NSW州政府新内閣への動き-4
新指導体制決まる
5日午前、イエマ州首相は、「嫌われ者」のマイケル・コスタ財務相を切り捨て、賭博・競馬・競犬を管掌するグレアム・ウェスト大臣、リーバ・マー保健大臣を閣僚から外し、ジョン・ハツィスターゴス司法長官、デビッド・キャンベル警察大臣らの担当に移す。また、テバット、クリスティーナ・ケネリー、リンダ・バーニー、ベリティ・ファースら比較的清潔な女性議員を起用する新内閣案を携えて、右派議員で構成する「中道統一」の会合を開いた。

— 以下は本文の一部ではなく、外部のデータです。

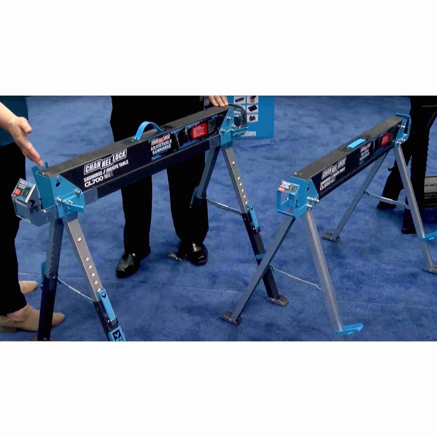 Adjustable from 27-1/2 In. to 43-1/2 In. and supports up to 250 Lb. Heavy-duty frame folds flat for easy storage. Features easy lock release handle and slip resistant foot pads. Fully assembled.

政治アナリストのブルース・ホーカー氏によれば、「イエマ首相は、自派議員からウェストとマーの降格は承知できないといわれ、中道統一の支持がなければ首相職を続けることはできないとして、自ら振るった刀に倒れる」ことになった。
同日午後の党議員団会議に向かったネーサン・リース議員は、「新首相就任か?」と訊かれ、「まだいくつも手続きが残っている」と答え、前日に左派議員団からの副首相候補指名を受諾したカーメル・テバット議員は報道陣の質問に答えなかった。しかし、1時過ぎに州議会議事堂から現れたリース議員が、「イエマ首相を引き継ぎ、新首相になった。本日付でイエマ氏が辞任し、私が労働党議員団の満場一致で選ばれた。またテバット議員も副首相に選ばれた。本日より直ちにNSW州民のために任務に就く」と語った。労働党州首相が自党議員から罷免されたのはこれが初めてだが、副首相は左派でも首相は必ず右派から出すという州労働党政権の伝統が初めて破られ、組閣の顔ぶれや電力民営化、イエマ派の開発利権体質の成り行きが注目される。(AAP)
文末に(AAP)とある記事は、AAP配信記事の忠実な翻訳であり、日本国内の報道と合致しない記述も含まれています。